De pênalti, George Lucas faz o primeiro. O goleiro defende, a bola toca a trave e no rebote ele coloca pra dentro. Após bela enfiada, Bruno invade a área adversária e marca o segundo. Numa cobrança de falta perfeita, na gaveta do canto do goleiro, Ânderson Lima fecha o placar. Vitória do time tricolor, 3 a 0. O Grêmio se salva da zona da degola.
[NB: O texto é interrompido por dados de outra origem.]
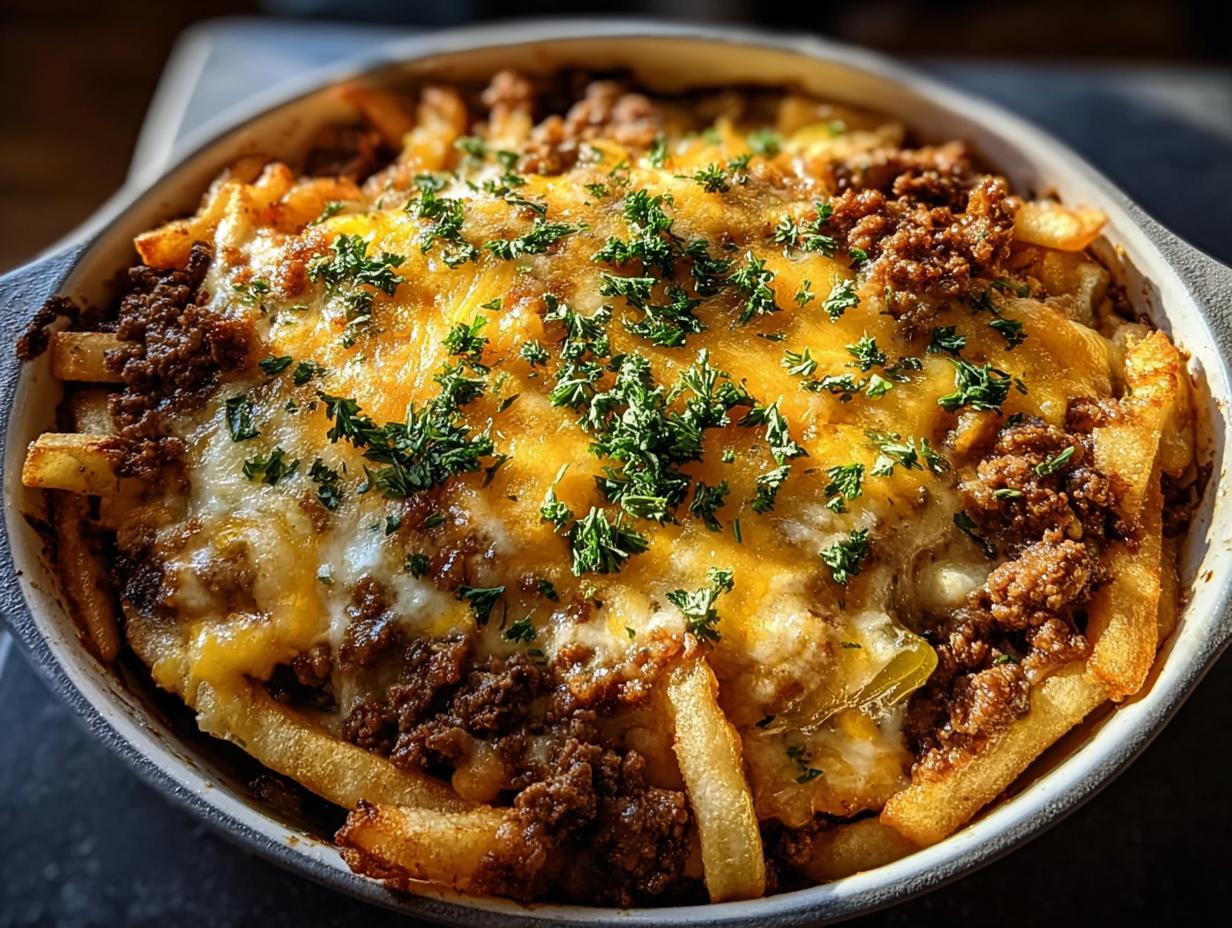 But the best part is how comforting and satisfying it is. Imagine biting into that crispy layer of French fries, followed by ground beef seasoned to perfection, all topped with ooey-gooey melted cheese. It’s like having a cheeseburger and fries all in one bite! You can customize it with your favorite toppings or dips, making it perfect for family dinners or game day gatherings. Trust me, this dish isn’t just food; it’s a hug on a plate! You’ll definitely want to keep this recipe in your back pocket for those days when only a heartwarming meal will do.

Nessa época, eu ainda não tenho noção do que significa essa vitória. Só sei que devo torcer para que os jogadores do time de azul, preto e branco chutem a bola para dentro da goleira do time de branco. Eu jamais poderia imaginar que ali, naquele chuvoso dia de dezembro, começa a minha história de amor pelo Grêmio.
É 2004 e começo a deixar os desenhos animados, os carrinhos da Hot Wheels, as brincadeiras na rua e os amigos de escola em segundo plano. Agora, tenho como prioridade assistir à partidas de futebol e, principalmente, aos jogos do meu time. Porém, para minha decepção, embora sem muito compreender o que está acontecendo, o Grêmio termina o campeonato nacional na última colocação e está rebaixado para a segunda divisão.
É 2005 e estou me apegando cada vez mais ao meu clube. Durante os jogos, muitos deles ouvidos no rádio, vou tirando dúvidas das regras de futebol com o meu pai; recém alfabetizado, leio os jornais em busca de novas informações. Tenho acesso restrito à internet, mas no tempo em que posso ficar no computador, só quero saber de futebol, do passado do meu time, dos jogadores antigos e do elenco atual. Estou encantando com esse novo mundo.
Isso aflora com maior intensidade em novembro de 2005, no exato momento em que, após ver meu time ter quatro jogadores expulsos e dois pênaltis contra, Anderson irrompe a grande área adversária e toca na saída do goleiro. Eu corro pela casa, grito descontroladamente, caio em lágrimas, abraço meu pai e presencio o primeiro título do meu clube. Definitivamente, sinto que estou apaixonado por isso.
Agora tenho 10 anos. É junho de 2007 e mais um dia ensolarado de inverno nasce. Pela manhã, meu pai passa me pegar na escola mais cedo, pois vamos a Porto Alegre ver o Grêmio. Desta vez, podemos voltar para Soledade comemorando um título de expressão. É a primeira vez que vejo o Grêmio disputar uma final de Copa. Temos de reverter uma vantagem enorme do Boca Juniors, conquistada na La Bombonera.
Das arquibancadas geladas do Olímpico, vemos Riquelme destruir com o jogo e levantar o caneco na nossa frente. Confesso que é a maior decepção da minha vida. Eu não paro de chorar. Não tenho vergonha de dizer isso. Entro em desgraça, tristeza completa. Então, olho para meu pai e vejo ali um homem tranquilo. Ele não está lamentando. Não entendo por quê. Ora, ele tem de estar bravo, nós acabamos de perder um título importante, na nossa casa, diante da nossa torcida! “Tá tudo bem, filho”, ele me consola, “não foi desta vez, mas na próxima seremos campeões”. Que homem sem coração o meu pai, eu penso. Por que está me confortando? Por que não está triste como eu? Por que não está chorando como eu? Por que não sente o mesmo que eu?
É maio de 2010. Eu e meu pai estamos presentes no Olímpico quando vemos Victor levantar a taça do título gaúcho sobre o Inter. Mas eu estou inquieto. Feliz pela conquista, mas inquieto. Inquieto porque quero mais do que um título estadual. E mereço mais do que isso, afinal, desde que me apaixonei pelo Grêmio, não só vi muitas derrotas do meu clube, como também presenciei o meu maior rival se sagrar bicampeão da América e campeão do Mundo. Foram tempos difíceis os que eu passei.
Hoje é novembro de 2016. Tenho 19 anos. Fazem 13 desde que meu pai me levou à cancha pela primeira vez. Contra o Atlético-MG, o Grêmio volta a uma final de competição nacional. Não existe chance maior para eu soltar esse grito que está preso na minha garganta desde sempre. Sonho com isso. Sofro por isso. Desejo isso. Baltazar disse outrora que “Deus está reservando algo melhor para o Grêmio”. Chegou a hora. Estarei com meu pai no momento derradeiro. Tenho que agradecer a ele, e somente a ele, por ter me feito gremista.